[Task]:
Every line below from the one with "Dress Pumps |" through the one with "Milky freshwater pearls" is to be repeated exactly, with no picture among them.

[Excerpted records]:

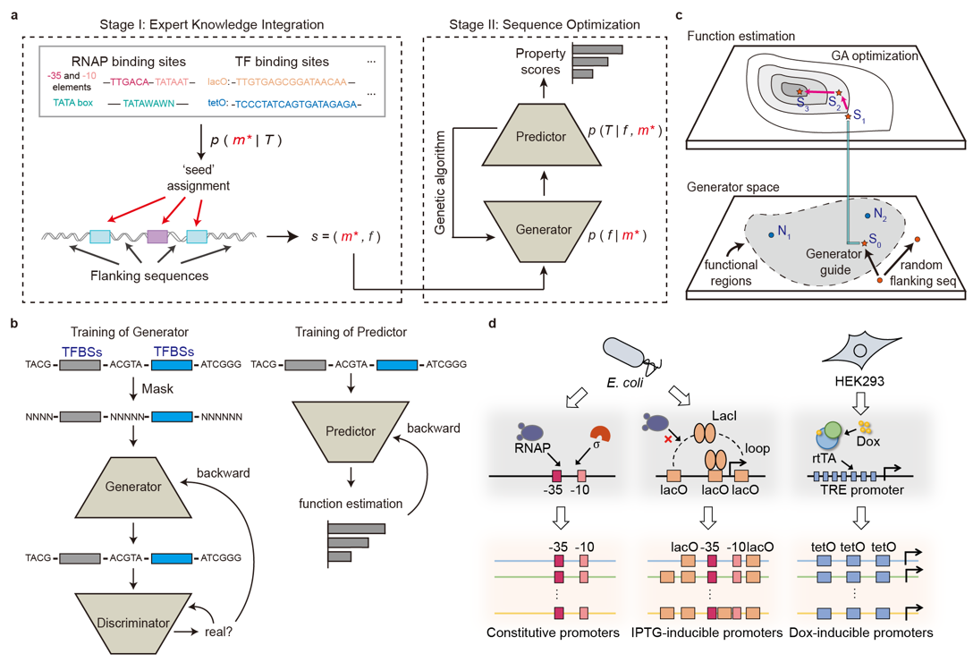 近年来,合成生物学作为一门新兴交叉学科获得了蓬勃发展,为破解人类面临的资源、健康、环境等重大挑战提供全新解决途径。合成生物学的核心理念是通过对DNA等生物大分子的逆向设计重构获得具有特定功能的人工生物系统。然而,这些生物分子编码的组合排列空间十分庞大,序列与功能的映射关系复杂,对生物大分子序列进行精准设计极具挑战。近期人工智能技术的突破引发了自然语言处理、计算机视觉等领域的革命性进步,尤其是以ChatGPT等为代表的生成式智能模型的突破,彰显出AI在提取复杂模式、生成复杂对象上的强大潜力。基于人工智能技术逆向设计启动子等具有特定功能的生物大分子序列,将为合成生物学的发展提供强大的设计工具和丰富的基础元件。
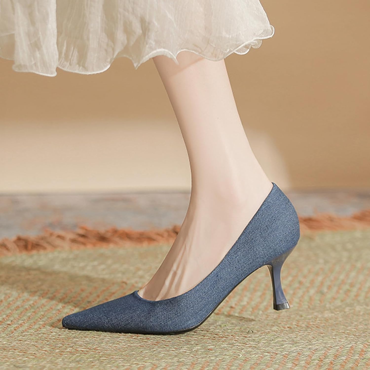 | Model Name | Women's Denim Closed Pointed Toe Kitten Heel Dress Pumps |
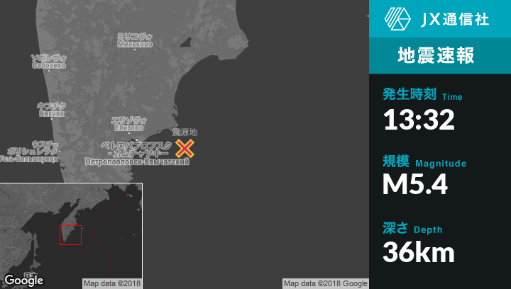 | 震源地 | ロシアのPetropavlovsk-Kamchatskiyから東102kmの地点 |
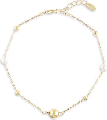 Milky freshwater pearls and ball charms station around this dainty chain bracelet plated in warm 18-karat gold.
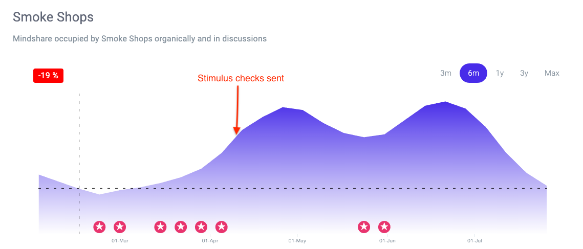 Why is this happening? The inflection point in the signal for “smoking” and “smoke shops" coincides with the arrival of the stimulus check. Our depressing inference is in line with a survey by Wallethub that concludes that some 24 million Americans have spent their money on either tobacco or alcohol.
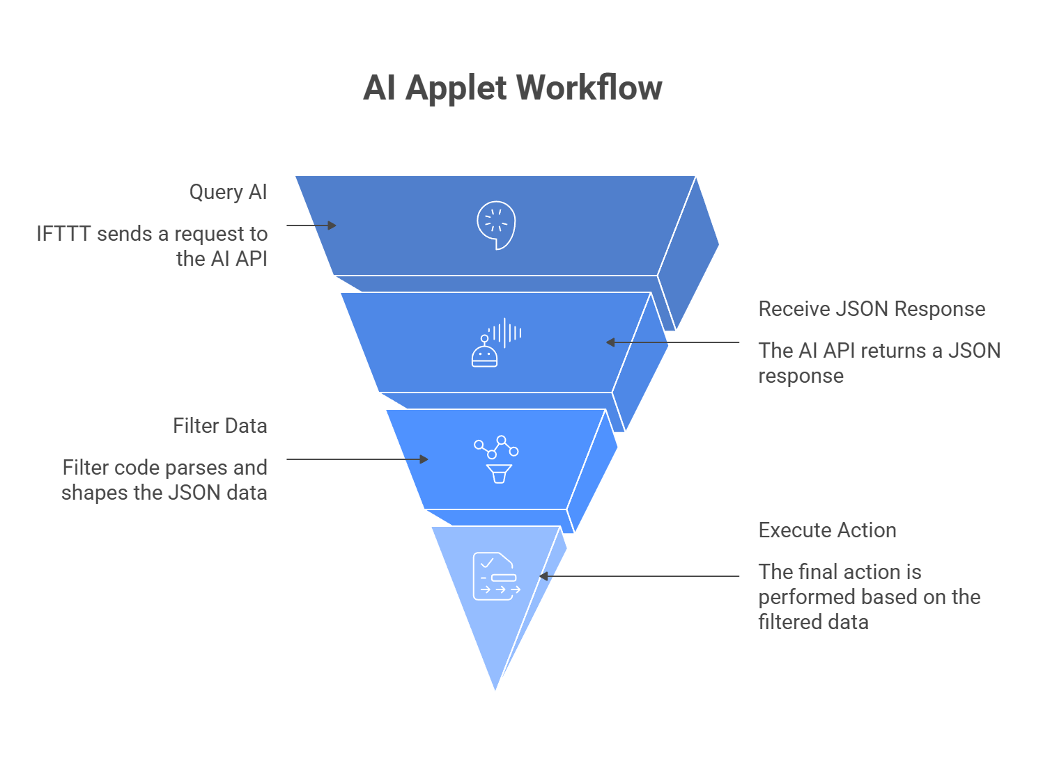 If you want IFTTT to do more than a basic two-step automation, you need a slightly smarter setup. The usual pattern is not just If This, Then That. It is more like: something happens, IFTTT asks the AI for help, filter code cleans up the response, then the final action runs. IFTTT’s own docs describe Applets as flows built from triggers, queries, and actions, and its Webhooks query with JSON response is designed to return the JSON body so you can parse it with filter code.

...

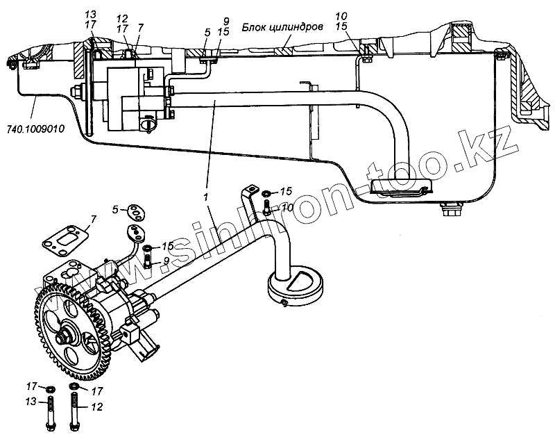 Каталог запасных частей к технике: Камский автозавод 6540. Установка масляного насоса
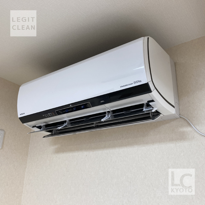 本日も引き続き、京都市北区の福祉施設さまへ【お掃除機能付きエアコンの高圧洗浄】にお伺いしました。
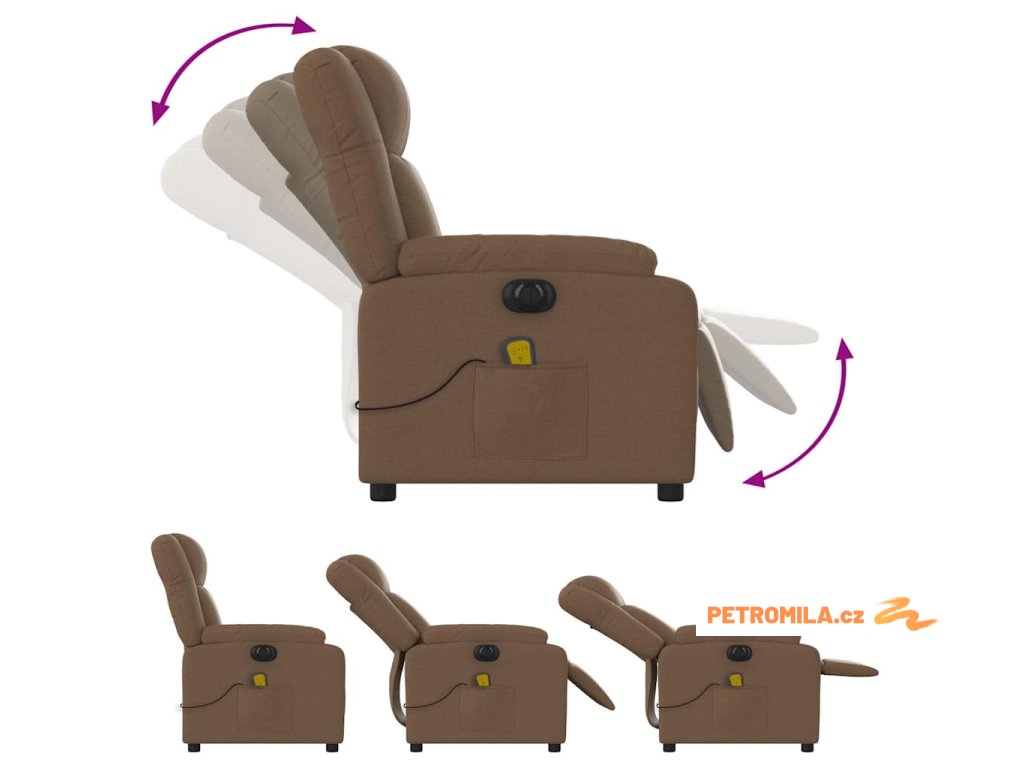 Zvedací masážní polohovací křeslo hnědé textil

[Response to this exercise]:
 | Model Name | Women's Denim Closed Pointed Toe Kitten Heel Dress Pumps |
 | 震源地 | ロシアのPetropavlovsk-Kamchatskiyから東102kmの地点 |
 Milky freshwater pearls and ball charms station around this dainty chain bracelet plated in warm 18-karat gold.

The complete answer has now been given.